Meshell Ndegeocello Announces New Album Synonym – Jazz in Europe

Meshell Ndegeocello Announces New Album Synonym

Written by | New Releases, News

Meshell Ndegeocello has never been an artist who stays still, and her new album Synonym confirms it once again. Due October 2 on Blue Note, it may be the most audacious record of her three-decade career — a collection of reimagined cover songs built around an extraordinary guest list.

I have followed Ndegeocello’s work for a long time, and every time I think I have her figured out, she moves the goalposts. She has spent thirty years refusing to be filed under any single genre — bass player, songwriter, producer, conceptualist — and Synonym, her third album for Blue Note, looks set to be another reminder of why that refusal matters. When I saw the tracklist and the roster of collaborators attached to this project, I’ll admit my first reaction was simply: I need to hear this.

Synonym is built entirely around cover versions, spanning six decades of popular music — 1960s folk, 70s soul and country, 80s R&B and electro-boogie, early-90s alternative rock, early-aughts hip-hop. It’s an eclectic starting point, and Ndegeocello has described the album as being about “classic songs that are known and loved,” with an underlying thread of joy, selfhood and universal experience running beneath the genre-hopping.

The lead track, and the one I’d point readers toward first, is a cover of the George Michael and Aretha Franklin duet “I Knew You Were Waiting (For Me),” sung here by Ndegeocello alongside Cynthia Erivo. It’s a bold choice to open with — a song so identified with its original performers that reworking it takes some nerve — and it sets the tone for what follows. The single is available now, and I’d encourage anyone curious to catch it on our Jazz Vocal playlist, where we’ve added it as a pre-release pick.

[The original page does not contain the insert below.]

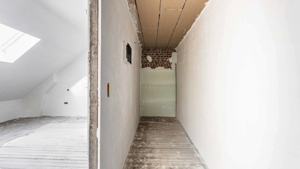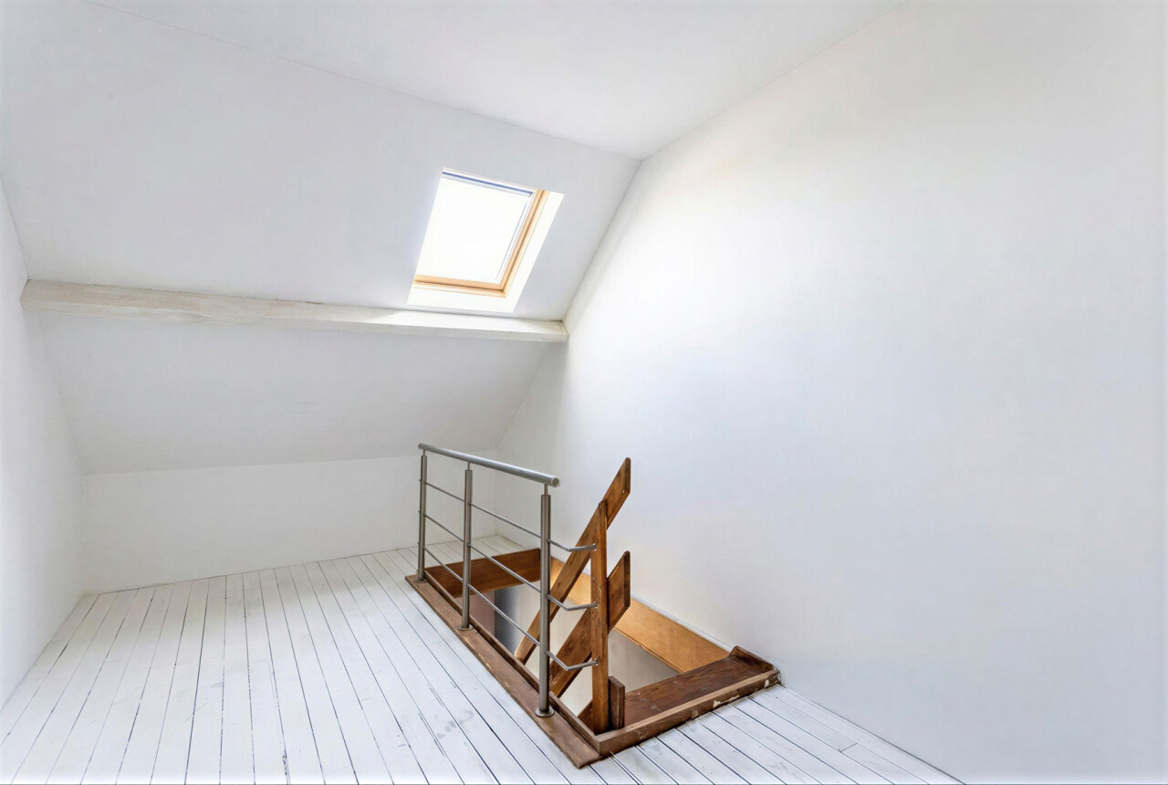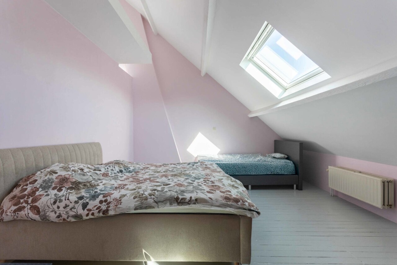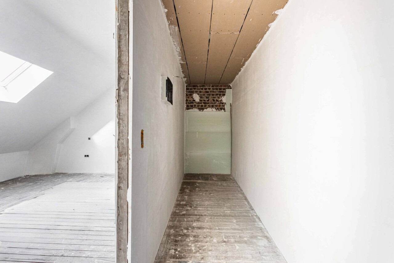 Via de vaste trap komt men op de zolderverdieping (90m²) waar verschillende indeling en opfrissingswerken werden uitgevoerd.
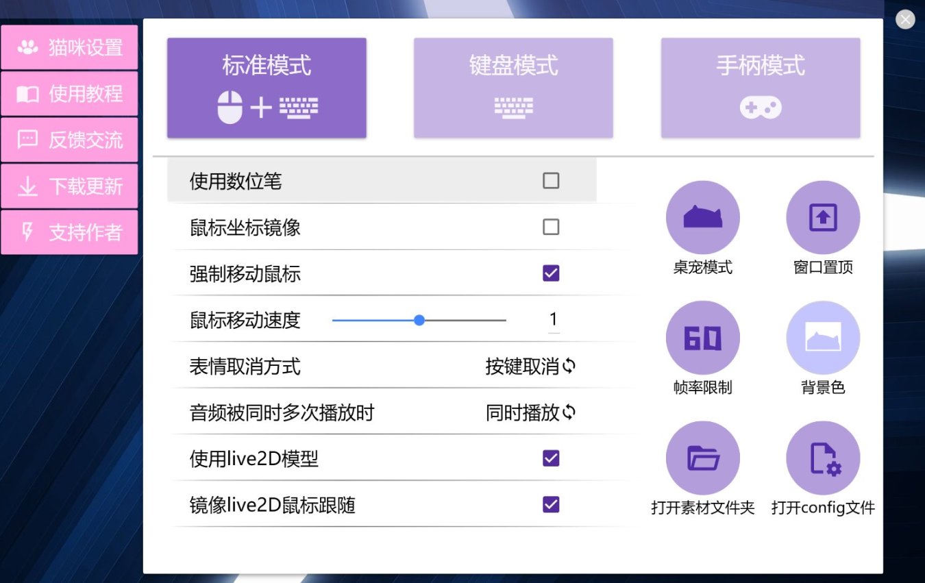 3.當然,作爲如此一款良心的有趣的應用,你甚至可以對鍵盤、鼠標和小貓本體進行完全自定義,怎麼喜歡怎麼來。

What makes Synonym worth watching closely, beyond the concept, is the sheer scale of who Ndegeocello has brought into the room. The guest vocalists alone read like a wish list: Cat Power, Chaka Khan, Brandi Carlile, Bill Callahan, Chris Thile, Nick Hakim, Robert Glasper, Madison Cunningham, Laura Lee of Khruangbin, Lizz Wright, Emily King, Lianne La Havas, Moses Sumney, Destin Conrad, ANOHNI, WILLOW and Evann McIntosh among them. That’s not a duets record assembled for the sake of star power — each song on Synonym pairs performers who identify as the same gender, a decision Ndegeocello has framed less as a strict rule than as a feeling, “or hover around the same continuum of feeling,” as she put it, leaving space for the fluidity she clearly values. She has spoken about the album as an expression of queer liberation standing in for liberation more broadly, and that framing gives the covers concept a weight beyond nostalgia.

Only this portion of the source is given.